There are a few different ways that the enteroviruses that cause herpangina are spread, but one of the most common is the fecal-oral route. This means that it is often spread by individuals who don't wash their hands after using the bathroom or changing diapers, especially if they handle food afterward.

Proper handwashing precautions and staying at home can help decrease the risk of spreading the disease if you have symptoms of this illness.

Who Is at Risk

Children between the ages of 3 to 10 years old are most commonly affected, with boys and girls being equally affected. While young children are most commonly affected, anyone can be infected regardless of age.

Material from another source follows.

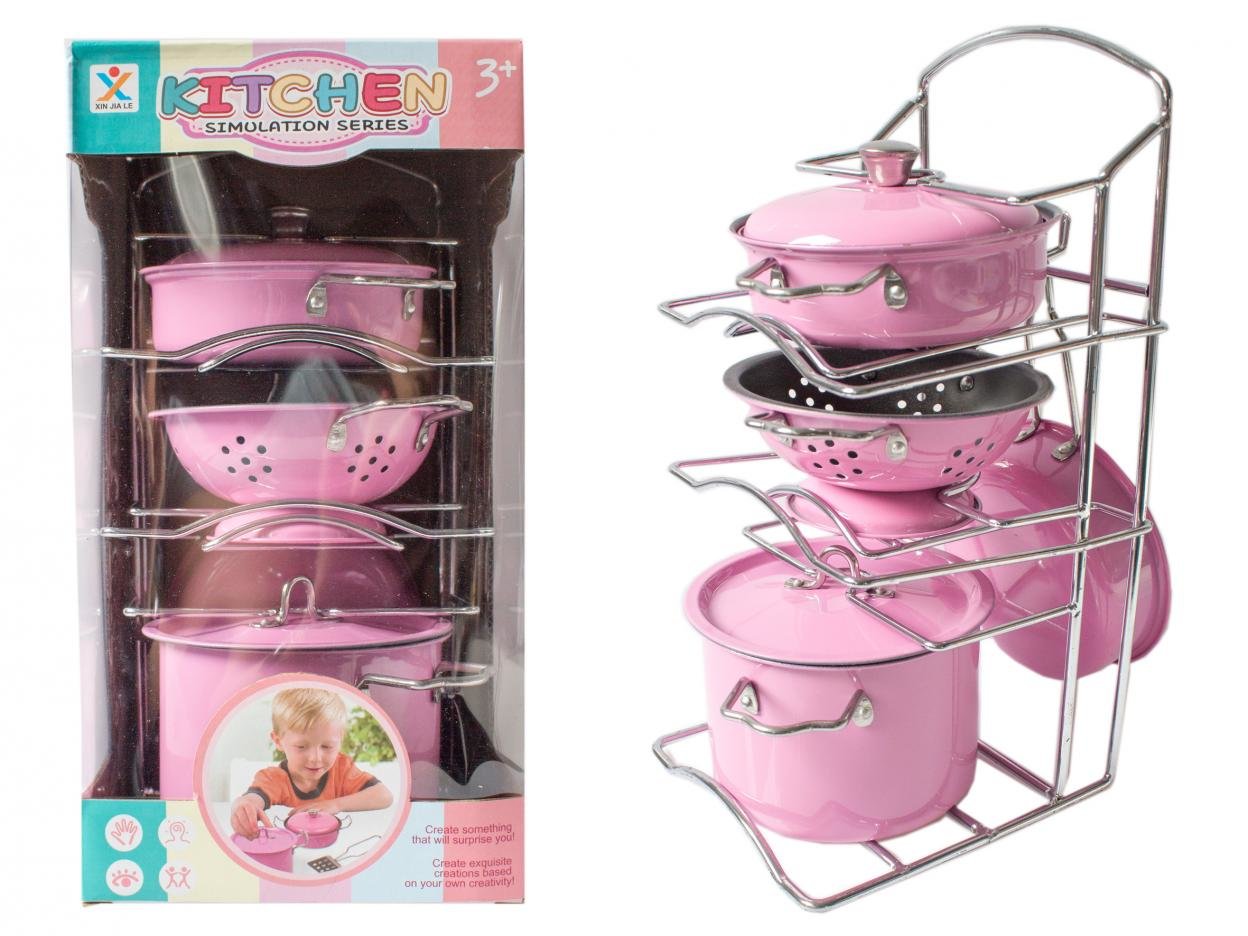 Zestaw naczyń metalowych na stojaku. 7 elementów. prečítať celé

Infections are more common in the fall and summer months, as well as in tropical climates.

Symptoms

Most of the time if you have herpangina, you can anticipate a mild illness. However, occasionally symptoms may be more severe, leading to complications of the central nervous system, heart and lung failure, or even death. Dehydration is a common complication—but remember, it is easily treated as long as it is detected soon enough. When pregnant women become infected with herpangina they are more likely to have a preterm delivery of their infant, an infant with low birth weight or who is small for gestational age.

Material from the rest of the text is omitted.